EXERCISE OBJECTIVE :: Exactly reproduce the lines of the listing below from the one containing "Step 11: Assemble" through the one containing "марки виробника Mercedes-Benz.". Skip the images.

RECORD EXCERPTS ::
--
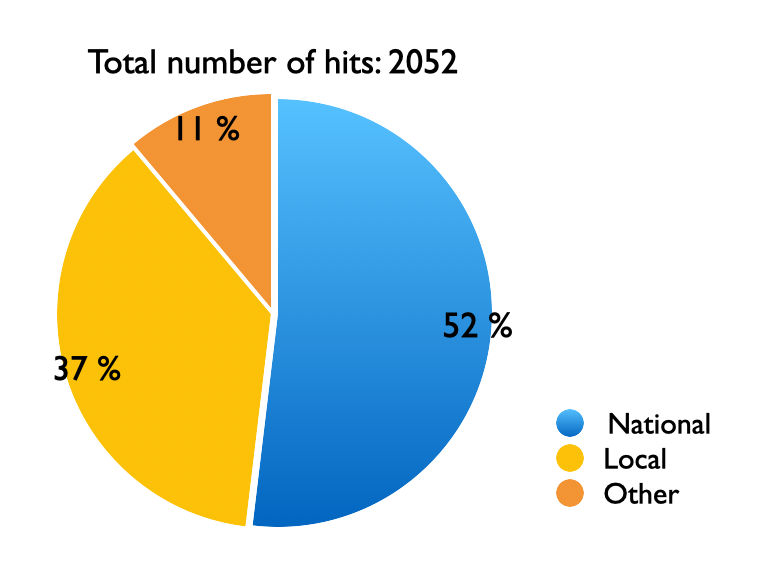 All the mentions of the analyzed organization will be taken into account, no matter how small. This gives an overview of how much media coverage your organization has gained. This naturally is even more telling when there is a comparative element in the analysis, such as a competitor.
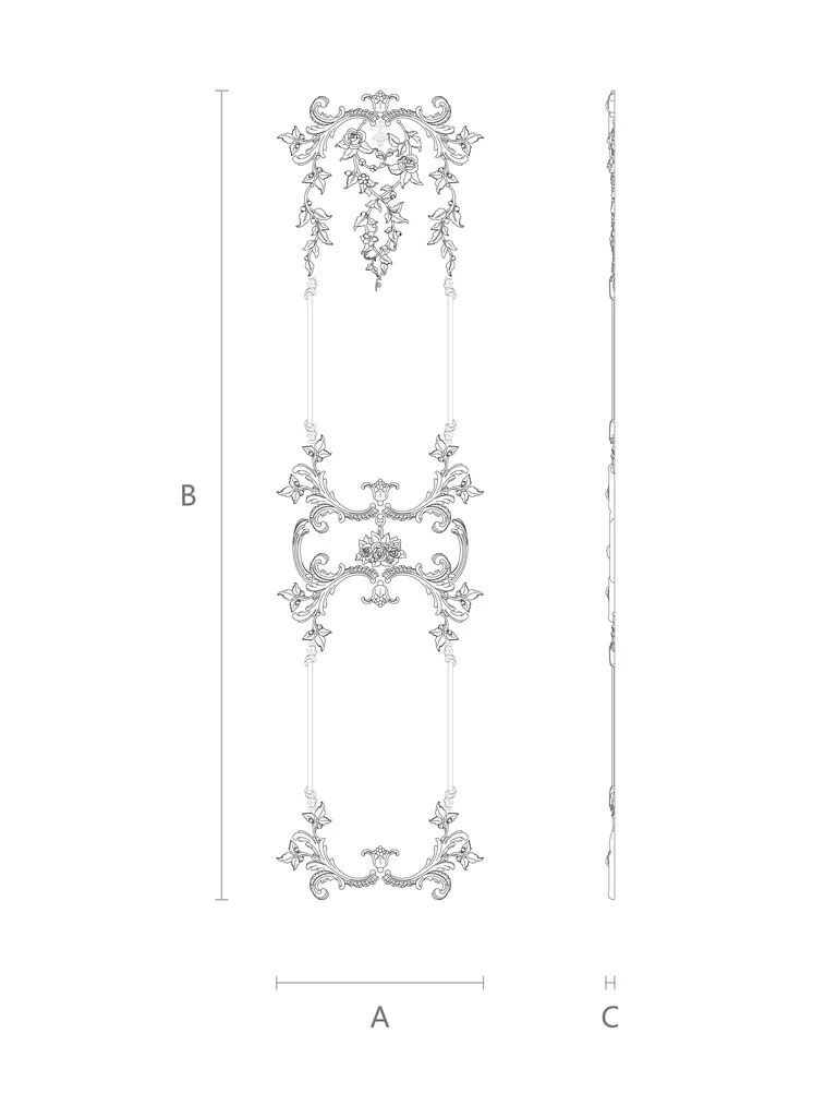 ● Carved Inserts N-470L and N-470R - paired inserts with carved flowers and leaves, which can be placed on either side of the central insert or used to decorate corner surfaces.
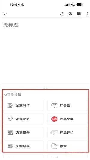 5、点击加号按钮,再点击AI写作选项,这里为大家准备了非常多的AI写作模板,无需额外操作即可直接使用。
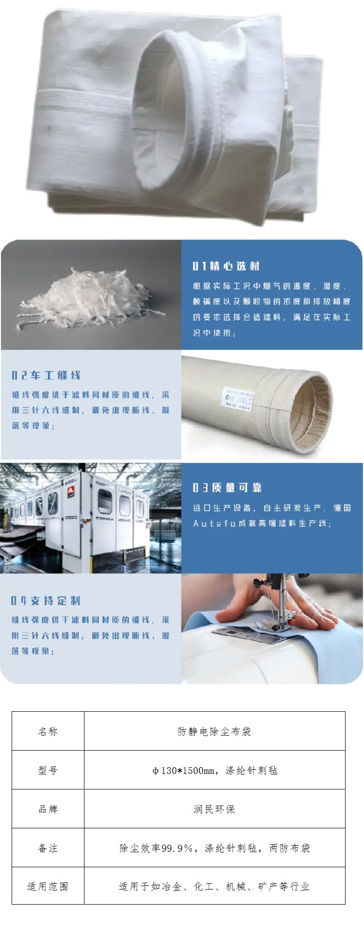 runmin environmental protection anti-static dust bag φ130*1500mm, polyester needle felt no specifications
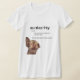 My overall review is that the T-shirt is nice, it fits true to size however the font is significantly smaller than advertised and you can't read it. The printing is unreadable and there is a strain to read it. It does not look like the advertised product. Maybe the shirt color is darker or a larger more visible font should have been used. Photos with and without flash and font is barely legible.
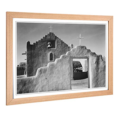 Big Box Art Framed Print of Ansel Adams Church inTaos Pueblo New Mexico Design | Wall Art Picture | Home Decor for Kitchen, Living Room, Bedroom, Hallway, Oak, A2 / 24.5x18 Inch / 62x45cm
--
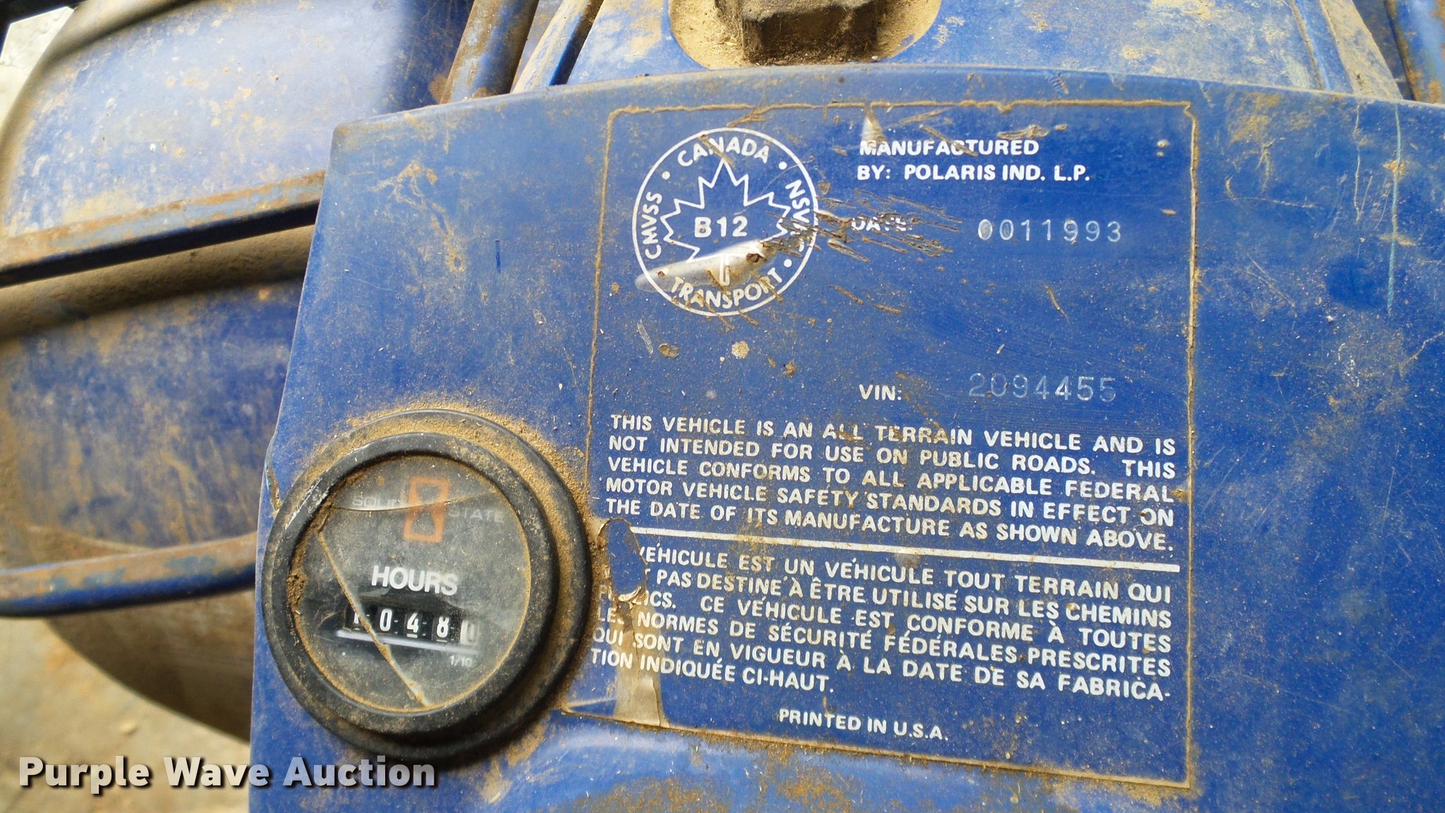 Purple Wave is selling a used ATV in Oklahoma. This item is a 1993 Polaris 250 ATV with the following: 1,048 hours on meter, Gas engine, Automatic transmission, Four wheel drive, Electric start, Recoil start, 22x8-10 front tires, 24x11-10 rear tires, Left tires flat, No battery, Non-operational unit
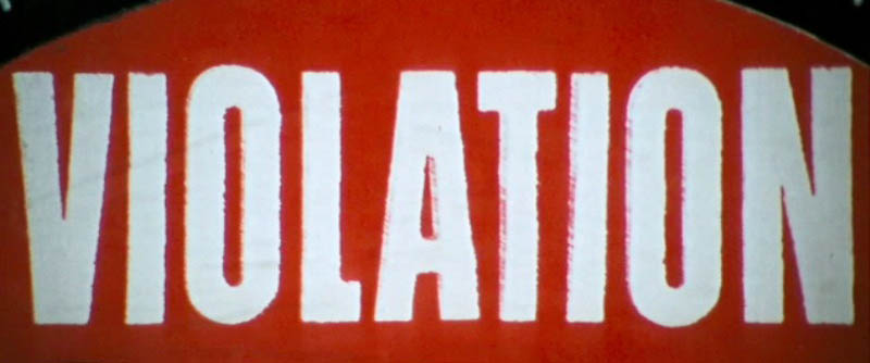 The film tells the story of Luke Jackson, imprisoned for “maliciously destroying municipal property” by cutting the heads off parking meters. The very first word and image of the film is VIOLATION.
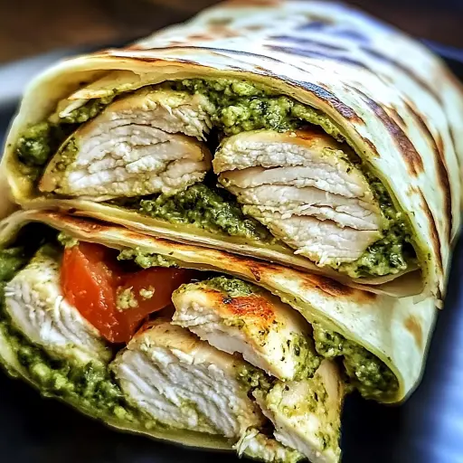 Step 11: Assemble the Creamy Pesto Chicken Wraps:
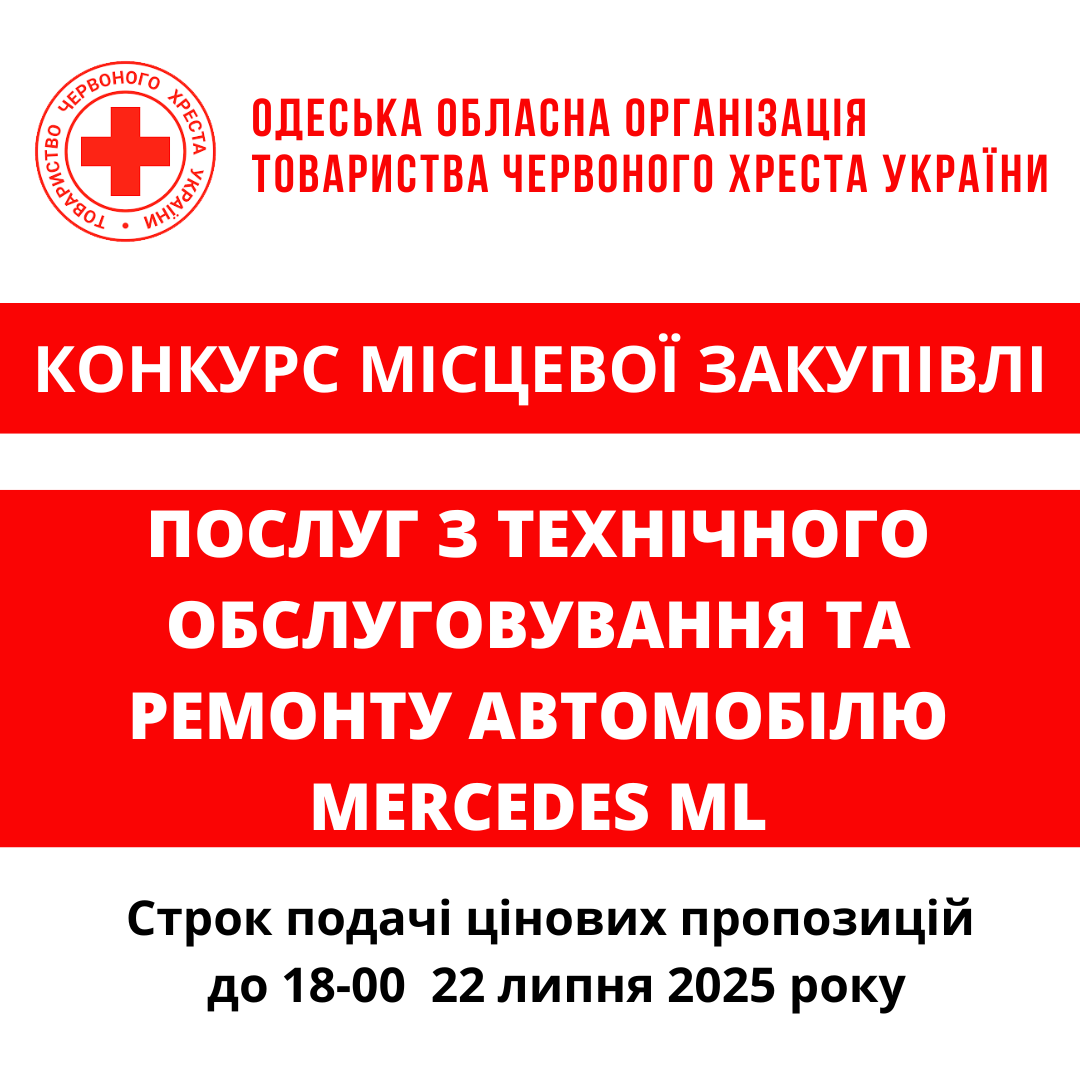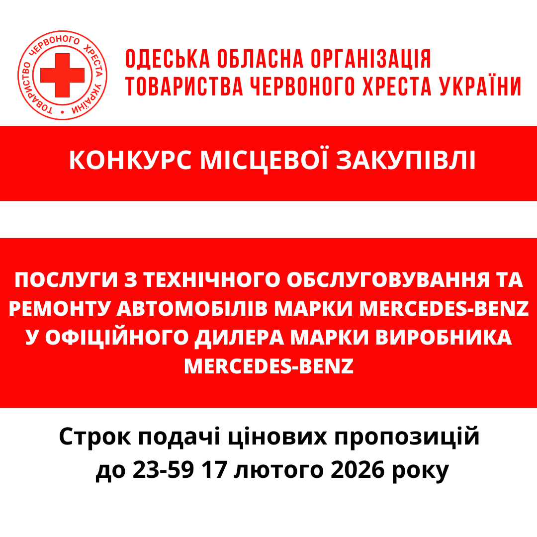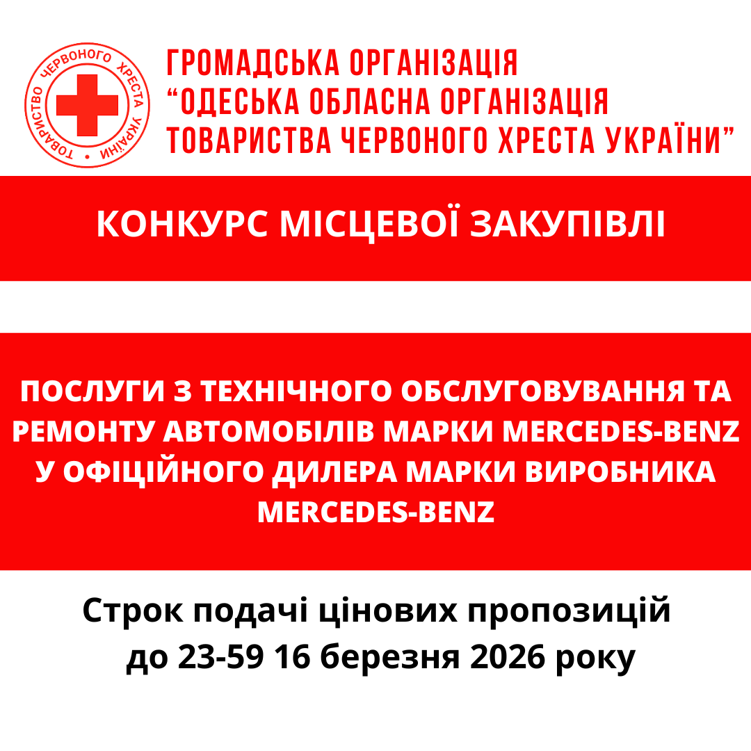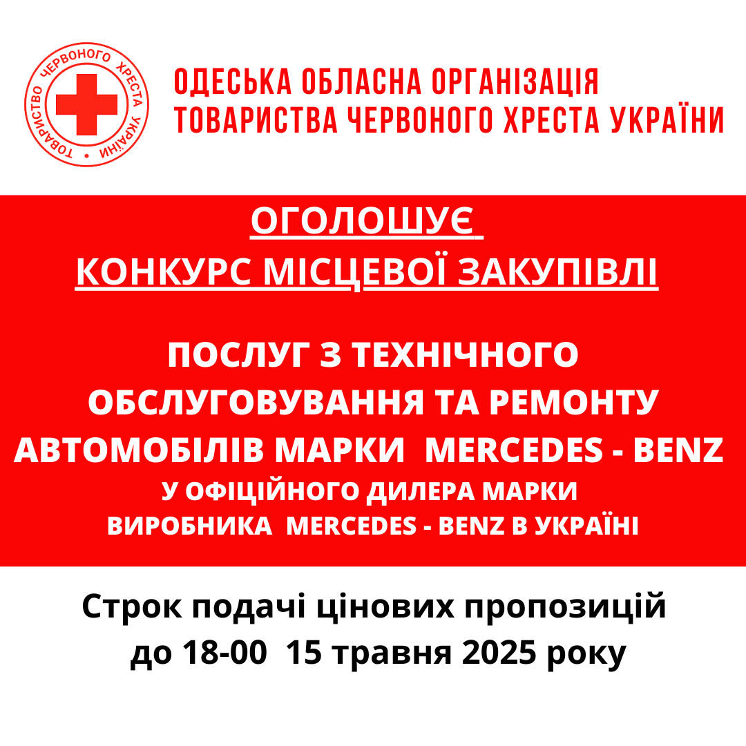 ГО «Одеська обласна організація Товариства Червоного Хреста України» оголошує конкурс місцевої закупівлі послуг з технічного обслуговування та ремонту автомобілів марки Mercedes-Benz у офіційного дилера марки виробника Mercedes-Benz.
--
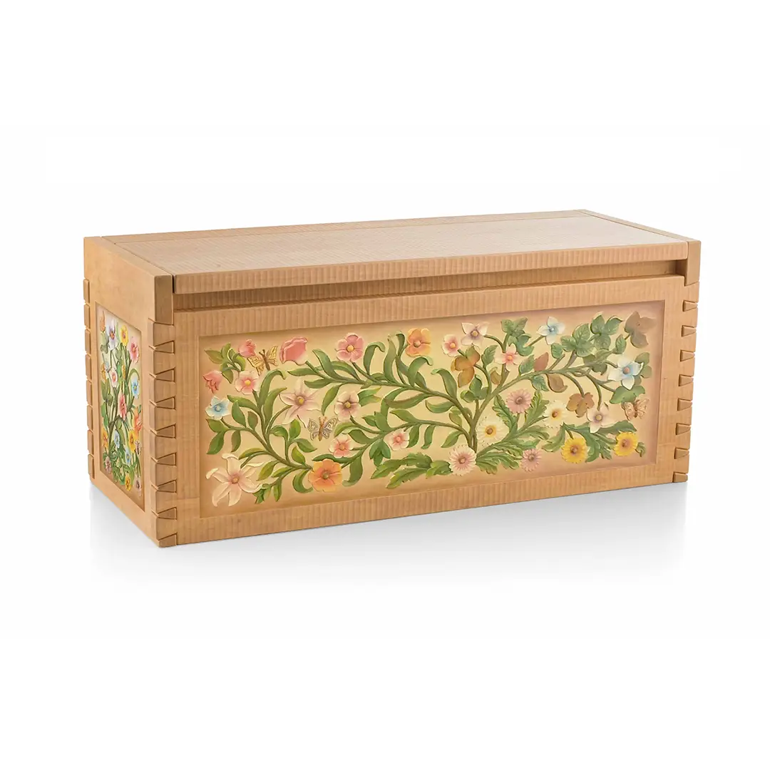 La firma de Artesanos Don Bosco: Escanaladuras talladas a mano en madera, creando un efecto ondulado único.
--
WORKED SOLUTION ::
 Step 11: Assemble the Creamy Pesto Chicken Wraps:
 ГО «Одеська обласна організація Товариства Червоного Хреста України» оголошує конкурс місцевої закупівлі послуг з технічного обслуговування та ремонту автомобілів марки Mercedes-Benz у офіційного дилера марки виробника Mercedes-Benz.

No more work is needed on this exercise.